In the intervening years, the rapid advance of technology had made life easier for molecular geneticists. Once they found let-7’s sequence, they were able to use their computers to do a database search, looking for similar 20-base sequences in other creatures. They used their dial-up modem to connect to a database and 30 seconds later had hits in the genomes of flies and humans.

From there, scientists realized that a new way of regulating gene expression had been found and the race was on. Today, scientists know that microRNA bind to the messenger RNA that carry the genetic instructions from the DNA to the cell’s protein-making factory, called a ribosome. With the microRNA attached, the messenger RNA can’t do its job, so expression of that gene is stopped. Scientists believe the human genome contains 500 to 1,000 genes for microRNA. These microRNA control as many as a third of all human protein-coding genes, including those involved in embryonic development, muscle function, heart disease, and cancer.

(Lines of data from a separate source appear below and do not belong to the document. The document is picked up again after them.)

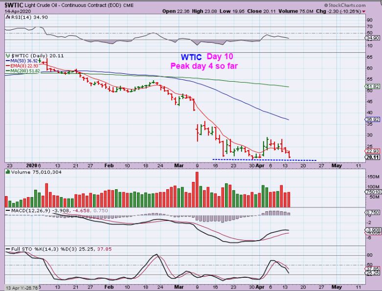 WTIC – oil is now dangerously close to the lows. It is possible to get a double bottom, and in E.W. you can retest that low too, but this is Very Close to a failure.  Either that or that low that reversed and took out the 10sma was not a dcl after all?   With all of this happening…
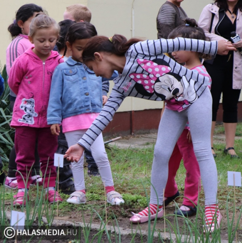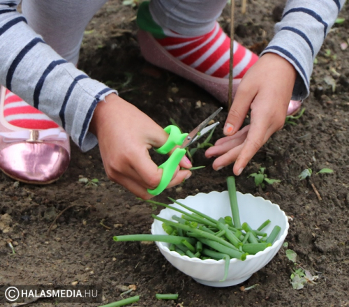 Kis tálkákkal, ollókkal érkeztek a gyerekek az ovis kertekhez, mivel elérkezett a betakarítás ideje. A halasi óvodákban pár héttel ezelőtt adták át az ovis kerteket. Először hagymát neveltek a nagycsoportos óvodások, most pedig már a betakarításon a sor. A gyerekek minden oviban naponta figyelték, hogyan cseperednek a növényeik, sőt többek már otthon is elkezdtek kertészkedni. Az Átlós úti intézményben is lelkesen gondozták a kertet a kislányok és kisfiúk.
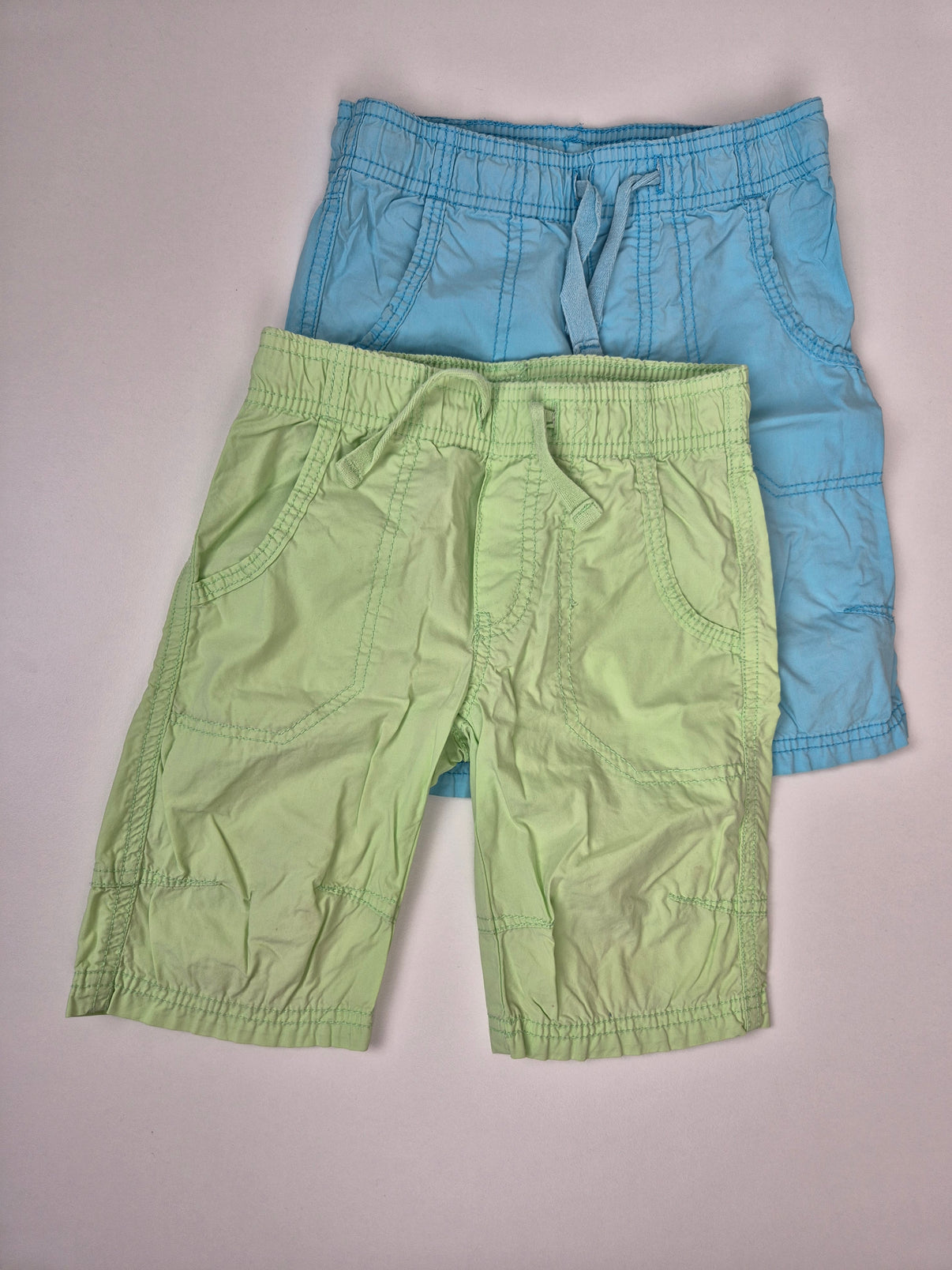 Lehké šortky z tenčí bavlny mají pružný pas se šňůrkou a volnější střih, který je ideální na hřiště, školku i dovolenou. Světle modrý a světle zelený pár působí svěže a letně.
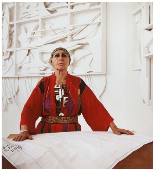 - Glueck, Grace. 1976. White on White: Louise Nevelson’s “Gift to the Universe”. The New York Times. October 22. Available online: https://www.nytimes.com/1976/10/22/archives/white-on-white-louise-nevelsons-gift-to-the-universe.html (accessed on 16 November 2021).
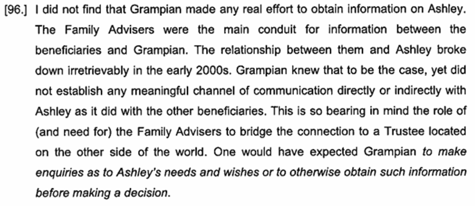 The main issues in the courts (the matter was heard in the Supreme Court (Bahamas), the Court of Appeal Bahamas and then on appeal to the Privy Council) have focused on the justification for the 2006 and 2009 appointments. Ashley’s case has been that Grampian had followed a policy of excluding her and her children as beneficiaries because the directors of Grampian and the Family Advisers were very hostile towards her. Ashley also argued that Grampian had failed to adequately consider her position and, in particular, that Grampian’s directors had failed to ensure that they had up-to-date information about her financial and other circumstances.
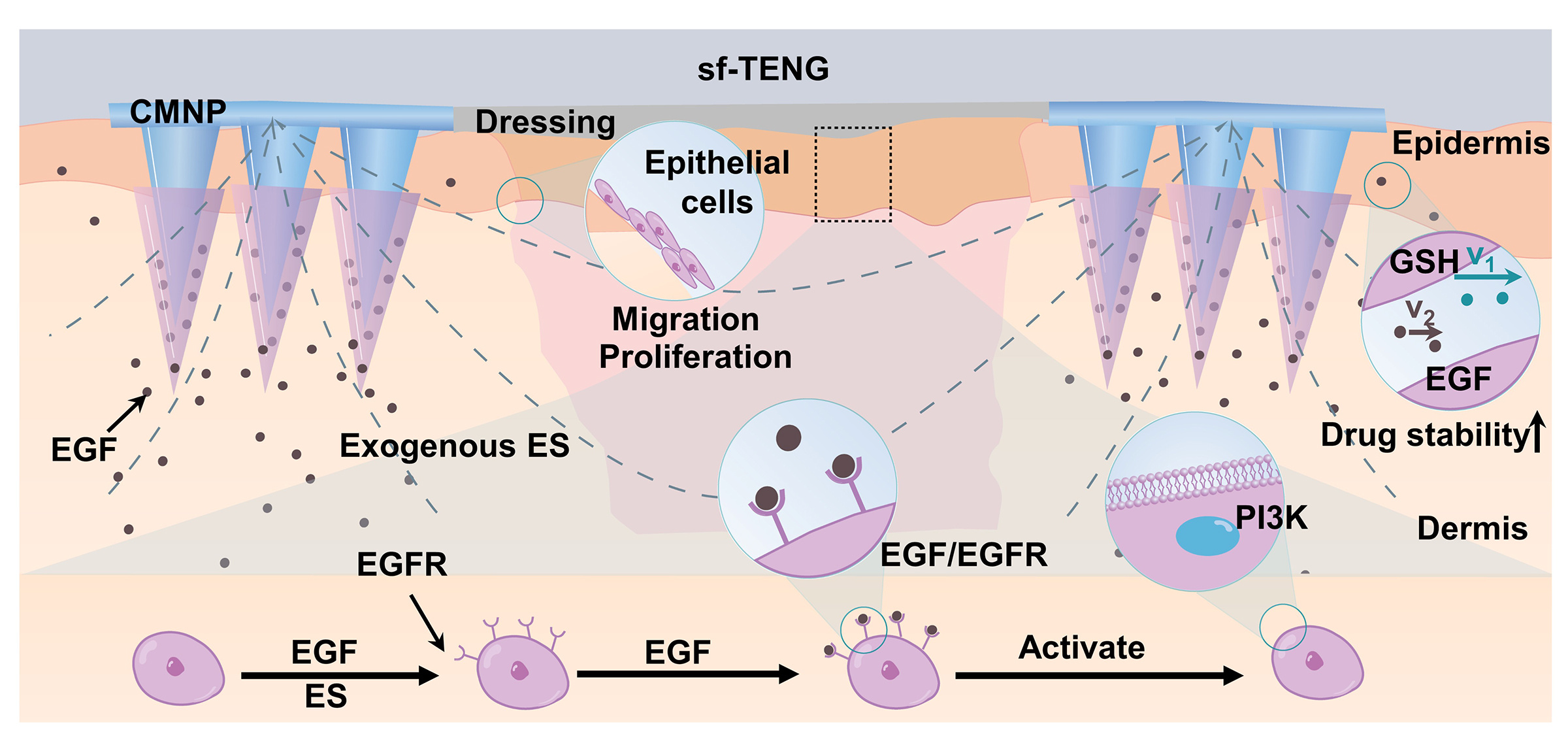 In light of this consideration, we designed a microneedle-based self-powered transcutaneous electrical stimulation system (mn-STESS) to improve the pharmacodynamics of EGF in wound treatment. The integrated mn-STESS consisted of a sliding free-standing triboelectric nanogenerator (sf-TENG) and two-stage gold-coated polylactic acid/cross-linked gelatin–cross-linked hyaluronic acid (PLA-Au/cGel-cHA) composite microneedle patches (CMNPs). The mn-STESS was wireless, passive, and easily attached to the skin. The built-in sf-TENG converted the biomechanical energy generated by finger sliding into biosafe microcurrent without causing skin damage or drug inactivation. CMNP penetrated the stratum corneum and continuously released EGF into the skin for 24 hours. Meanwhile, CMNP utilized the current generated by the sf-TENG for transcutaneous ES. As an electrical adjuvant, self-powered ES improved the pharmacodynamics of EGF in various aspects. (1) mn-STESS enhanced penetration rate and utilization rate of EGF. mn-STESS could pierce the stratum corneum and continuously release EGF into the skin, enabling long-term transdermal drug delivery. (2) mn-STESS suppressed the reduction reaction against EGF by modulating the molecular motion behavior of GSH. ES produced by mn-STESS did not change the protein activity, but altered the molecular movement behavior of GSH. Molecular dynamics calculations showed that the electric field generated by mn-STESS significantly increased the intermolecular distance between GSH and EGF, thereby inhibiting the reduction of EGF by GSH. (3) ES generated by mn-STESS upregulated EGFR expression, thereby compensating for receptor desensitization. From cell to animal experiments, it has been confirmed that mn-STESS possessed a strong receptor sensitization effect, which completely overwhelmed the drug-induced downregulation of EGFR. The comprehensive improvement of EGF pharmacodynamics by mn-STESS further activated the EGF/EGFR pathway and downstream PI3K, thereby promoting cell proliferation and migration. Translational medicine studies showed that mn-STESS promoted wound re-epithelialization, vascularization, and hair follicle formation, ultimately accelerating the wound healing process.
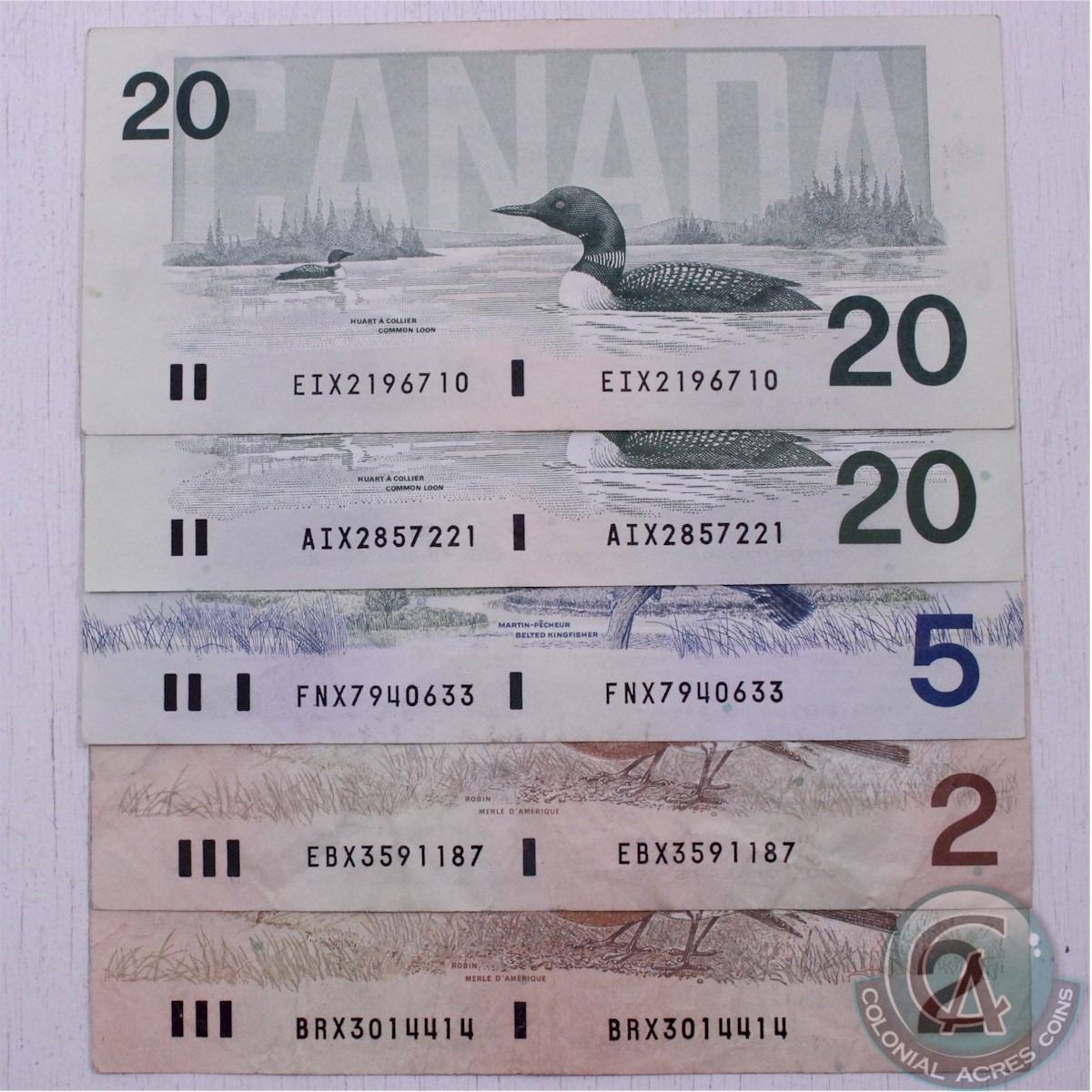 Group lot of five second generation replacement notes from the Bird series in average circulated condition. You will receive the following prefix's; EBX, BRX, FNX, EIX, and AIX
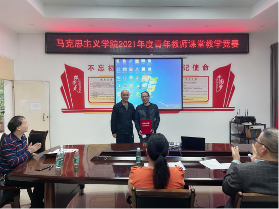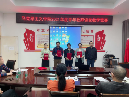 最后,学院领导对获得一、二等奖的教师进行了颁奖表彰。一直以来,马克思主义学院都把青年教师课堂教学竞赛作为促进教师学习交流,提升教师教学能力和展示教学风采的重要平台,营造了“以赛促教、以赛促改”的教学氛围,为学院教学质量的不断提升,“六个课堂”打造和“金课”打磨奠定了坚实基础。
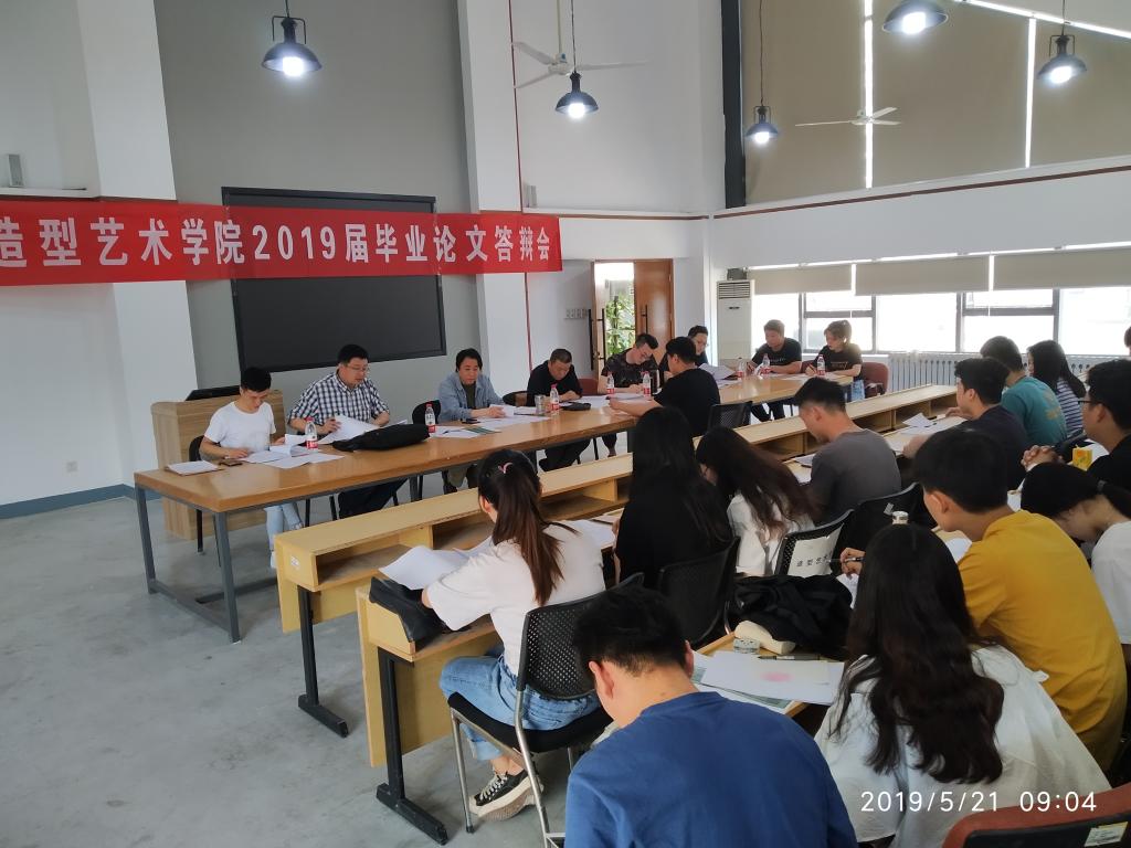 毕业论文答辩是大学生在校期间的最后学习和综合训练阶段;是学习深化、拓宽、综合运用所学知识的重要过程,同时也是对大学生知识水平和综合素质的全面考核,是本科生培养目标的重要环节,是对学校教学和各课教师培养结果的集中展示和效果再现。因此, 造型艺术学院指导教师和毕业生对毕业论文的指导和写作倾注了大量心血。本届造型艺术学院的毕业论文写作采取毕业创作报告和学术论文相结合的方式,学生根据自身的知识结构自主选择写作方式,充分发挥了学生的主动性,取得了良好的效果。答辩过程分为学生陈述、答辩专家提问和学生回答问题三部分进行。答辩学生依次对自己毕业论文的主要内容作了简要介绍,并对各位答辩委员提出的问题做出回答,工作人员对整个答辩过程做了详细记录。答辩过程中同学们井然有序,答辩委员们实事求是、严肃认真的评价了每位同学的论文,现场氛围严肃、紧张而又活泼。
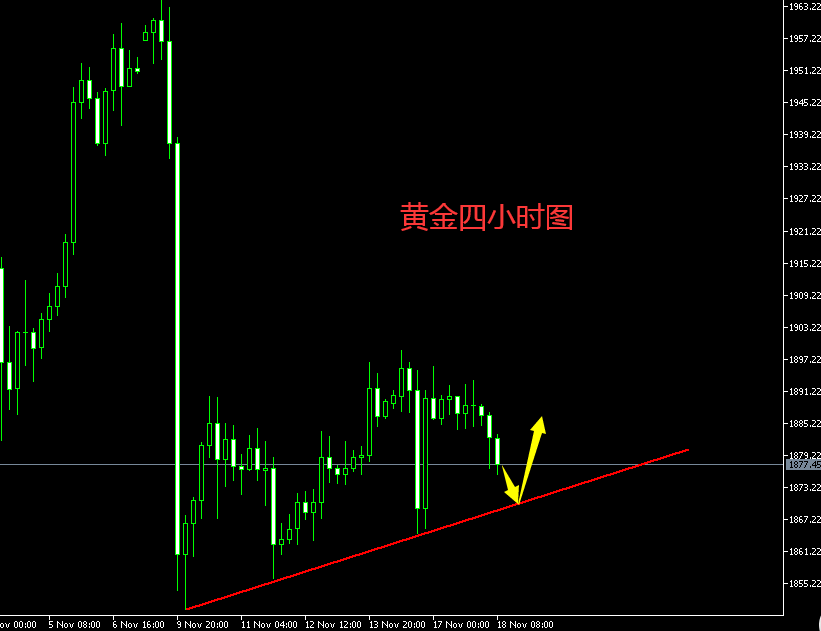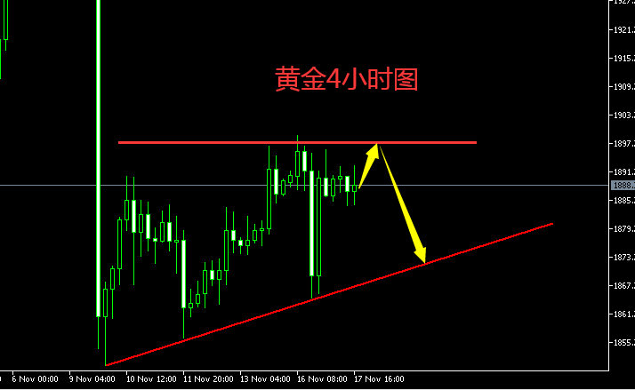 今日行情分析: 黄金昨日借助消息面影响短线下挫30个点,但是尾盘直接V反转拉升,最高触及1896附近后开始高位横盘,整体依旧没有摆脱震荡,所以还是切勿追涨杀跌,卡高低点操作即可! 如图所示,这是黄金四小时图,是四小时震荡上行通道,通道上沿强压位在1901附近,昨日美盘以及昨日早盘高点短线压制在1896-1898位置,同时日线的10日和20日均线交叉压制在1896附近,所以今日上方压制在1896以及1901位置。 下方短线支撑在1880附近,这里是昨日大跌后首次反抽的高点位置,突破后形成短线的顶底转换支撑,同时这里也是日线的5日均线支撑位。强支撑在昨日二次起涨点1871附近。

Ruvkun and Ambros remain thankful for their long collaboration. Though perhaps unusual in some scientific disciplines, Ruvkun and Ambros say their teamwork is a reflection not only of their friendship, but also of the great sense of community that exists among biologists working on C. elegans.

“We hang out as much as we can … but there was a little spark of competition,” Ambros said. “We knew each would benefit from the other’s data, but we also knew we couldn’t leapfrog the other on our own.”